Так как графы сами являлись выходцами по большей части из числа возглавляемых ими землевладельцев, то правление Каролингов по своей сути представляло собой партнерство между правителем и местным землевладельческим сообществом, доверившим графу выполнение своих различных обязанностей в целях нормальной работы всей системы. Определенный объем проверки был типовым, отчасти осуществлявшимся правителем лично в тех регионах своего королевства, где он обычно и находился. Для Карла Великого в последние годы его власти и Людовика в большую часть его правления этими регионами стали центральные земли франков в Северной Европе, по обе стороны от Рейна. Несмотря на непомерные расстояния, которые Карл Великий проехал за свою жизнь, даже будучи молодым, он не колесил регулярно по стране с целью объездить все свои территории, и многие отдаленные районы империи лишь однажды видели редкий королевский кортеж.
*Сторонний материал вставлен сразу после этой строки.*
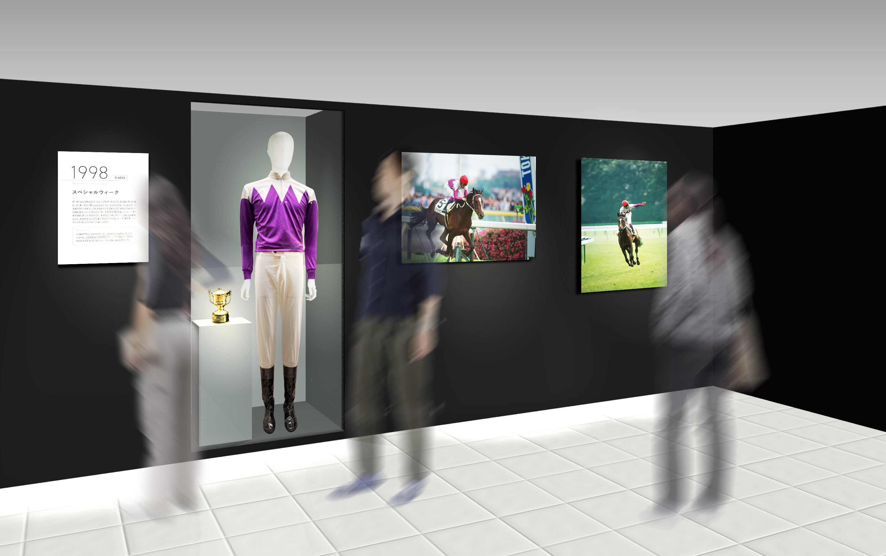 会場では、JRA全優勝GIレースや海外挑戦の雄姿をとらえた写真をはじめ、前人未到の「日本ダービー6勝」の軌跡を辿る特別コーナーをご用意しております。大型写真とともに、優勝カップや勝負服も展示し、栄光の瞬間を間近に感じていただけます。

Для большей части империи роль проверяющего исполнял missi, который – когда эта система стала приобретать все более упорядоченный вид при Людовике Благочестивом – обычно состоял из пары высокопоставленных чиновников: церковника и светского человека.

Но даже проверки имели свои границы, особенно общественно-политические, так как missi оказывались в основном связанными с тем же сообществом аристократов и мелкопоместного дворянства, что и графы, и пределы, в которых они были готовы вмешиваться, вполне могли зависеть от существовавших ранее отношений. Выбор времени епископом Вулфадом Буржским для попытки завладеть поместьем в Бургундии, например, был отнесен – вполне правдоподобно – на счет того, что одного из его родственников недавно там назначили missus (хотя фактически его попытка провалилась). Поэтому в основном эффективность власти зависела от наличия хороших отношений между королем и его графами. И если эти отношения были плохими, то графы применяли разные способы саботажа на королевской службе, так что им вовсе не нужно было поднимать открытый мятеж. Например, когда дело доходило до военной службы, все, что от вас требовалось, – это прибыть чуть позже или прийти на встречу немного не в том месте, и этого могло быть достаточно, чтобы расстроить военный поход[226].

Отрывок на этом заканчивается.